Density functional theory (DFT) and atomistics have long remained the backbone of computational chemistry and materials science. DFT, being an electronic structure method, provides a quantum-mechanical description of interacting electrons. Atomistic methods, on the other hand, remove the electronic degrees of freedom to simulate the dynamics of atoms at length- and time-scales beyond DFT’s reach. Together, these approaches account for 40% of global scientific computing resources. Despite their success, both suffer from long-standing challenges in accuracy, transferability, scalability, and multiscale consistency. In DFT, the unknown exchange-correlation (XC) functional defines a nonlinear, nonlocal map from electron density to the energy. Current approximations to it remain far from chemical accuracy. Plus, the high computational demands of DFT limit their routine usage to a few thousand atoms. In atomistic modeling, interatomic potentials (IPs), be it classical or machine-learned, are typically fit to narrow datasets, limiting their transferability. More importantly, the lack of electronic information in IPs limits their ability to describe electronically driven phenomena, such as in surface chemistry, emergent behavior in quantum materials, and biochemical reactions.

In this talk, I will present various approaches to address these fundamental challenges in DFT and atomistics. First, I will show how accurate quantum many-body data can be used to machine-learn the XC functionals by solving the inverse DFT problem, yielding systematically improvable and physically constrained models. Second, I will introduce a new approach, termed field-theoretic atomistics (FTA), as a large-scale machine-learned surrogate for DFT that adheres to the known physical symmetries and variational principles. Unlike IPs, FTA retains electronic degrees of freedom at similar computational costs as current machine-learned IPs. Finally, I will also discuss how, combined with fast and scalable numerical methods, this approach of integrating machine learning with physical principles can overcome long-standing accuracy and scale barriers in quantum mechanical modeling of materials.

 

February 16 (Monday)
Soudeh Ghorbani (Johns Hopkins)
Unblocking AI: Understanding and Overcoming Datacenter Network Bottlenecks in Distributed AI

As companies continue to invest heavily in AI-dedicated datacenters, a critical yet often underestimated challenge persists: datacenter networks remain a major bottleneck in distributed AI training.
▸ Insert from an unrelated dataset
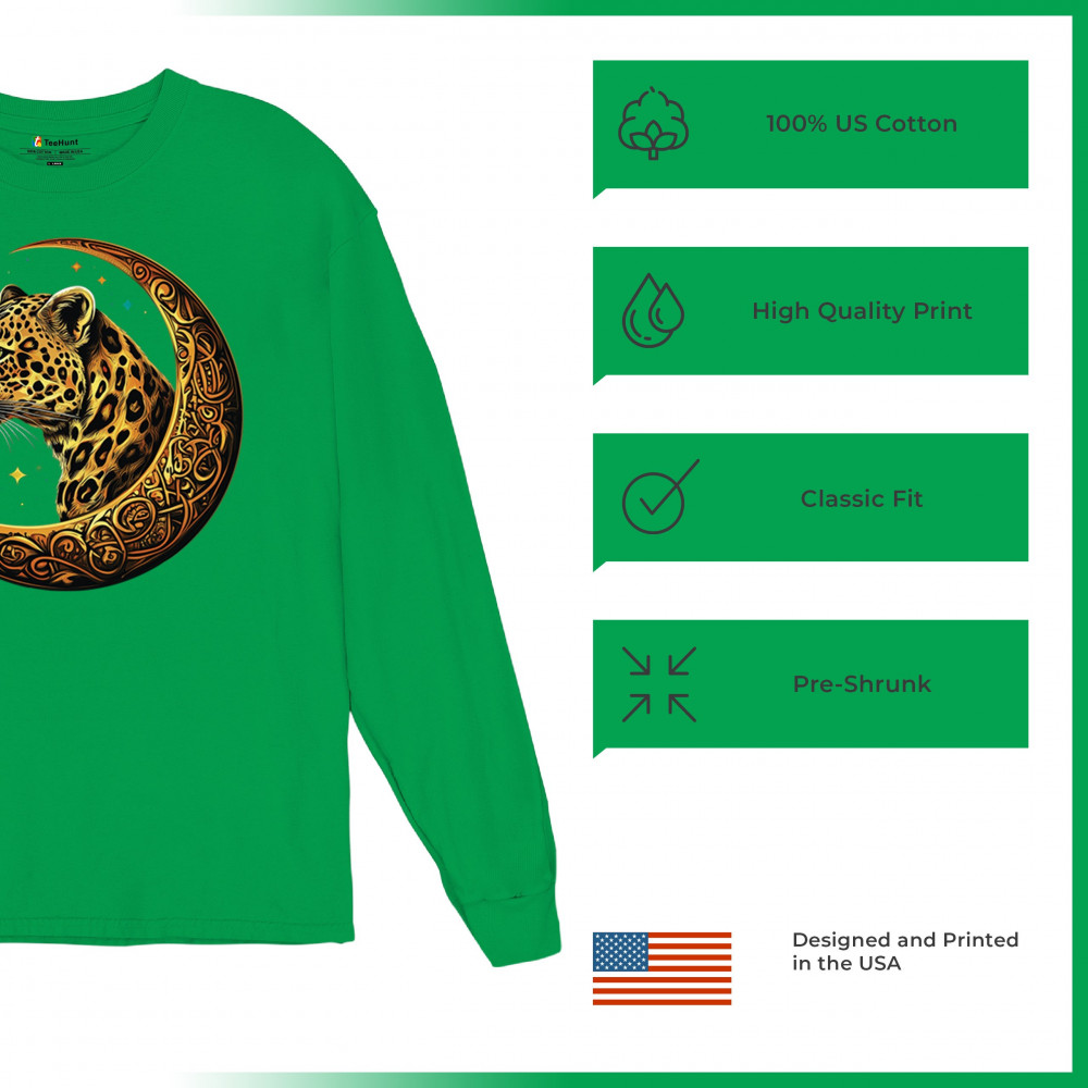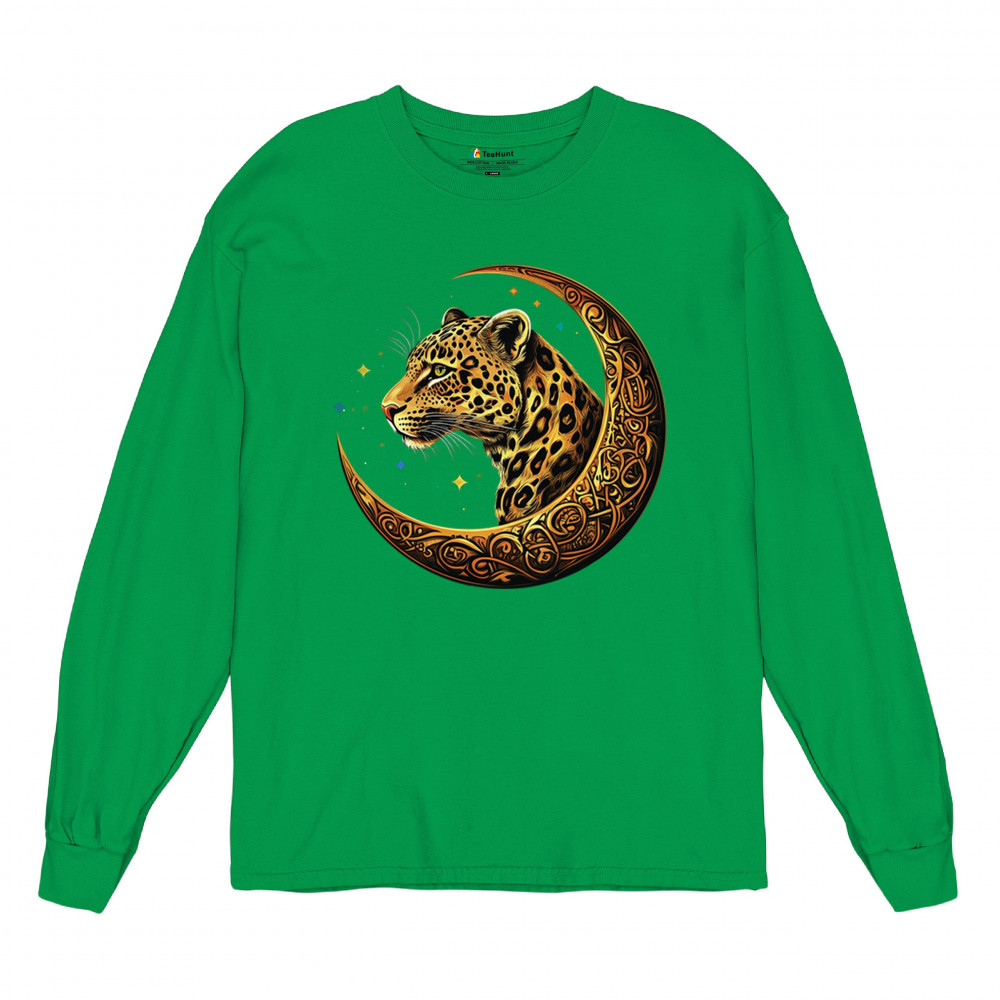 Unleash wild energy and spiritual symbolism with this bold leopard design set inside a golden Celtic crescent moon. A cosmic starry background amplifies its mystical vibe, symbolizing agility, independence, and awareness. Perfect for big cat lovers, jungle animal fans, and seekers of fantasy or tribal-inspired art.

Despite rapid advances in compute hardware and machine learning algorithms, network congestion and communication overhead still limit the scalability and efficiency of large-scale AI workloads.
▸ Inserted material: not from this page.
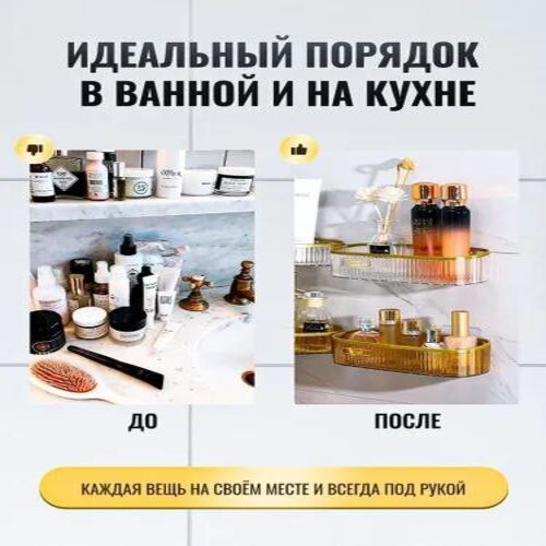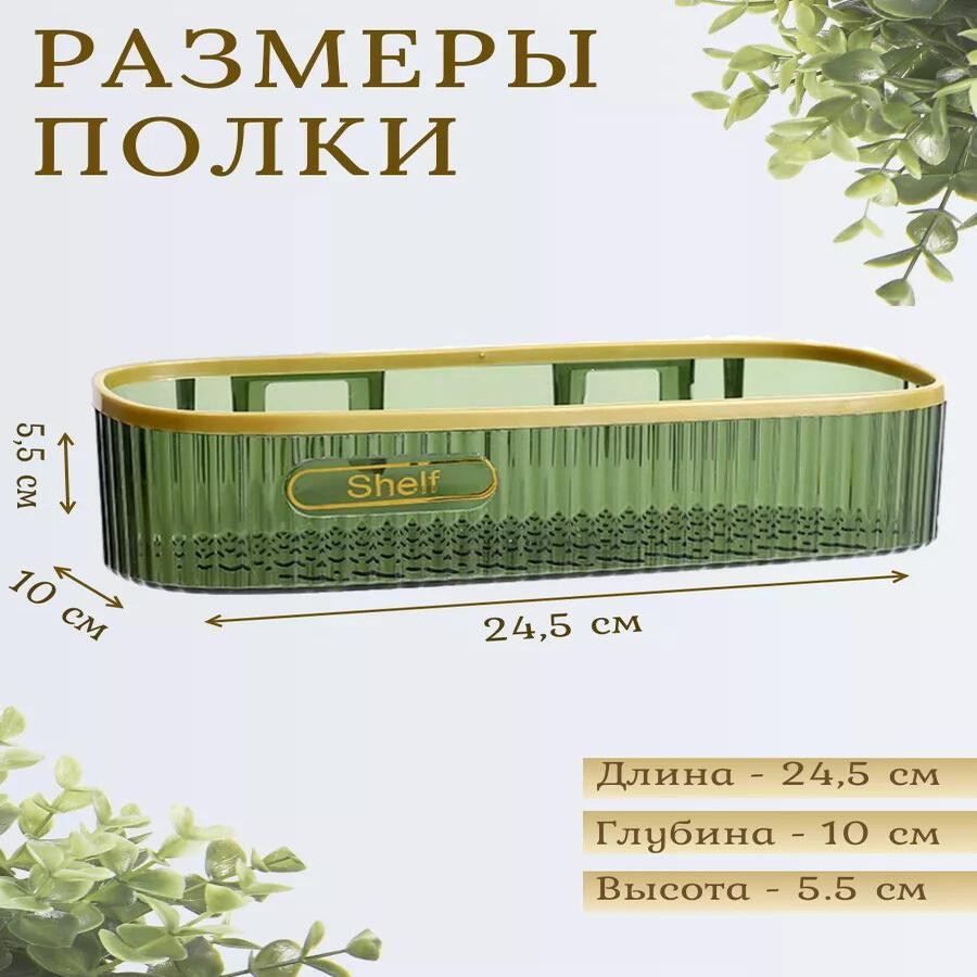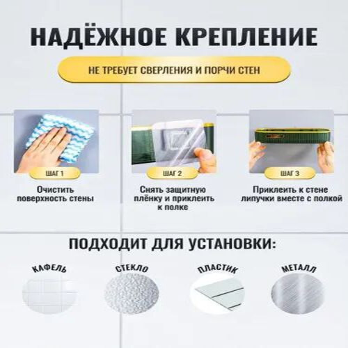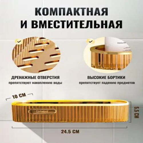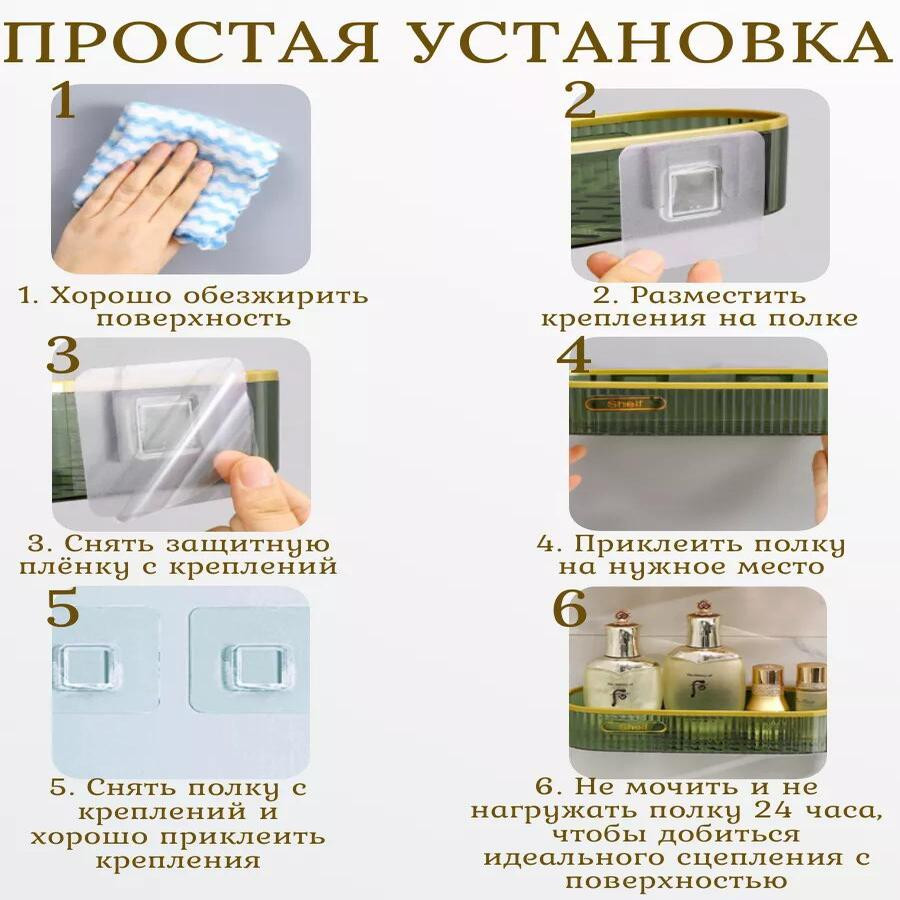 Рекомендации по установке: 1. Отметить место крепления самоклеящихся пластин; 2. Обезжирить место приклеивания пластин; 3. Снять защитную пленку; 4. Сильно прижать пластины в места установки (держать не менее 30 секунд); 5. Установить полку на самоклеящиеся пластины. Важно: после установки не использовать/не мочить 12-20 часов. Полка для ванны – это аксессуар, который поможет сделать вашу ванную комнату или кухню более удобной и организованной. Эта полка предназначена для тех, кто желает воспользоваться преимуществами компактного хранения без необходимости сверления стен или других поверхностей. Подставка - полка проста в установке и не требует специальных инструментов или навыков. Благодаря специальным самоклеящимся креплениям легко крепится к стене. Настенная полка для ванны является идеальным дополнением для душа и туалета. Она придаст вашей ванной комнате уютный и стильный вид. Навесная полочка также подойдет для хранения аксессуаров, таких как дозаторы и щетки. Полка для хранения товаров над туалетом. Пластиковая полка для ванны идеально подходит для хранения и организации различных принадлежностей. Она отлично дополнит интерьер вашего дома, бани или даже дачи. С ее помощью вы сможете держать в порядке мелочи, такие как губки, расчески и мочалки. Уникальный дизайн и узкая форма полки для ванны позволяют использовать ее как настольную или настенную полку для хранения декоративных предметов и украшений. Сделайте особенный подарок себе или своим близким, выбрав нашу полку в ванну. Не откладывайте на потом - приобретите полки без сверления и наслаждайтесь удобством и практичностью этого полезного аксессуара каждый день!

In this talk, I will present insights from a comprehensive study I led, where our team instrumented and analyzed traffic across 20+ AI datacenters of a major hyperscaler. Our investigation revealed key characteristics of AI workloads, the root causes of persistent network bottlenecks, and the challenges that arise when attempting to mitigate them. Building on these findings, I will introduce new datacenter network designs that challenge long-standing paradigms, such as strict shortest-path routing and in-order packet delivery, by embracing more flexible, robust strategies. I will show how these approaches pinpoint and alleviate bottlenecks, yielding substantial performance improvements. I will conclude with open research questions and future directions in optimizing networks for AI at scale.

 

February 18
Geyang Dai (National University of Singapore)
Elliptic Chern Characters and Elliptic Atiyah–Witten Formula

A principal G-bundle over a manifold X, equipped with a connection, together with a positive-energy representation, gives rise to a circle-equivariant gerbe module on the free loop space LX. From this data we construct an elliptic Chern character on LX, and a refinement, the elliptic Bismut–Chern character on the double loop space.
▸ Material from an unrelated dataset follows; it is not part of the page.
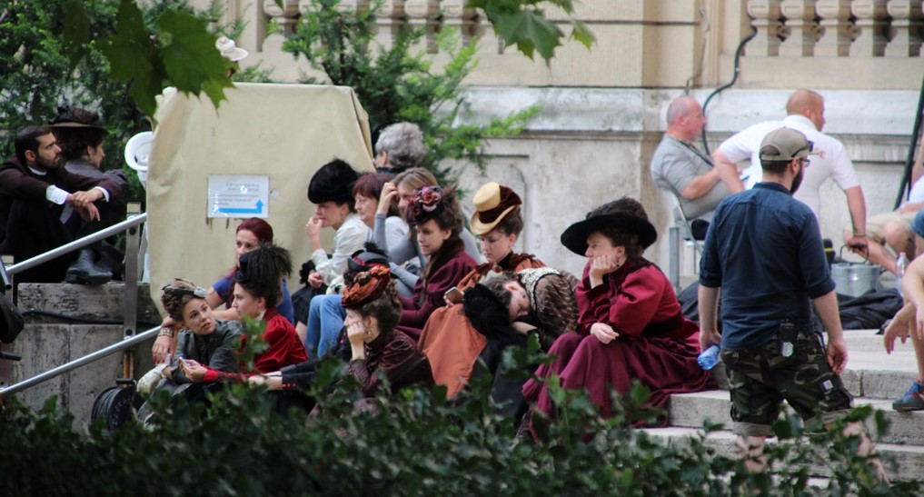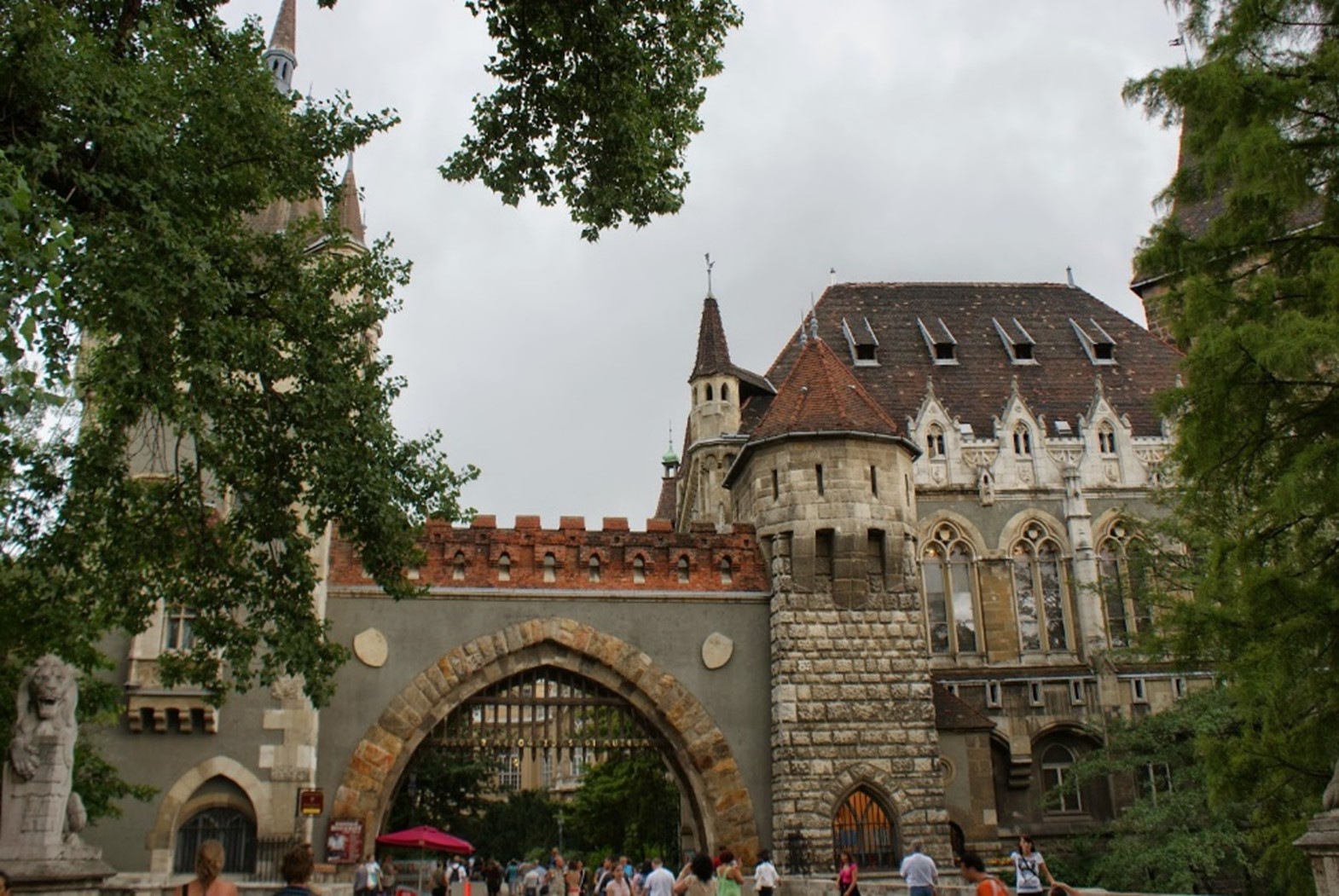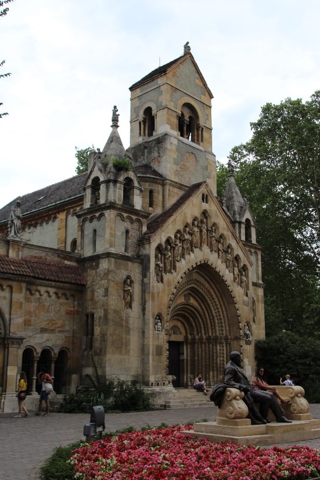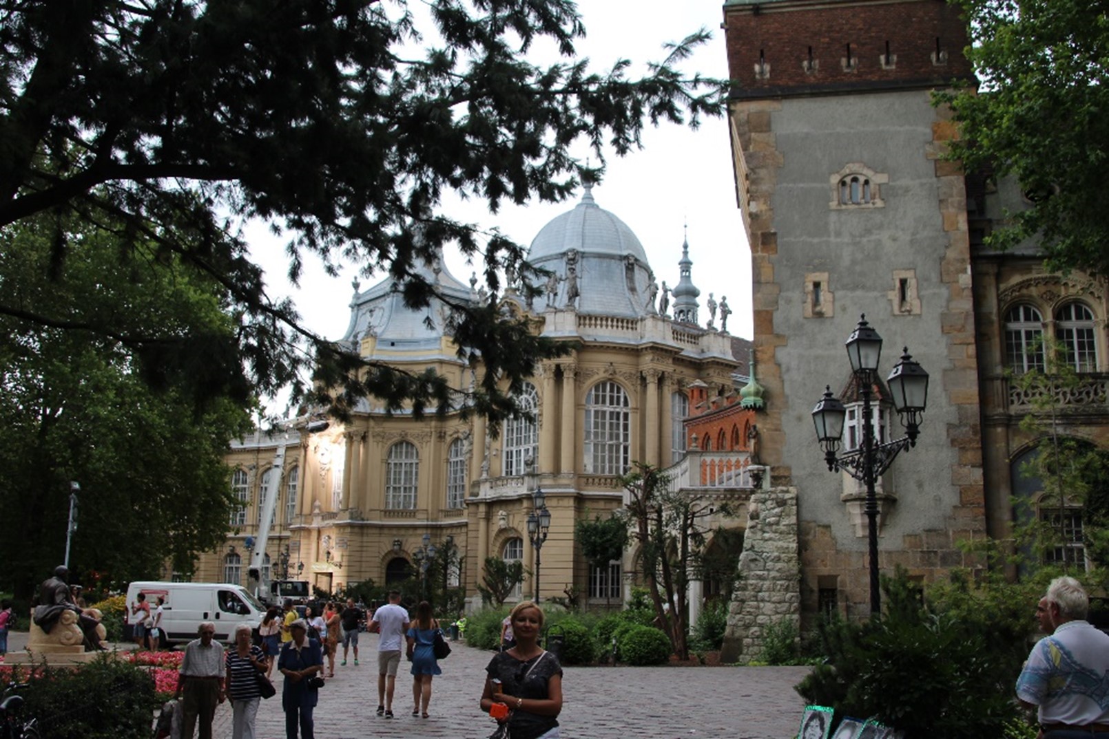 Idziemy dalej w stronę zamku Vajahunyad. Koło zamku siedzi podobno kronikarz Anonim trzymający w ręce pióro, którego dotknięcie ma pozytywnie wpływać na rozwój talentów literackich. W zamyśle mam opisanie naszego wypadu do Budapesztu, więc natchnienie mi potrzebne. Wiem już, że poszukać go muszę… I człowiek głupieje, bo wcale się nie spodziewał połączenia takich stylów w jednej budowli. A najlepsze jest, że w tym cudownym budynku za mną mieści się Muzeum Rolnictwa. Miejsce sobie niezłe wybrali. Dookoła fajny kompleks parkowy ze stawkiem i muzyką na żywo. Klimatycznie, tym bardziej, że właśnie kręcą tam film kostiumowy. Przystajemy, żeby popatrzeć na zmęczone już trochę aktorki.

We also generalize the Atiyah–Witten formula to double loop space. We show that the four Pfaffian sections, corresponding to the four spin structures on an elliptic curve, are identified with the four elliptic holonomies arising from the four virtual level one positive-energy representations when G=Spin. These constructions are closely related to conformal blocks in Chern–Simons gauge theory.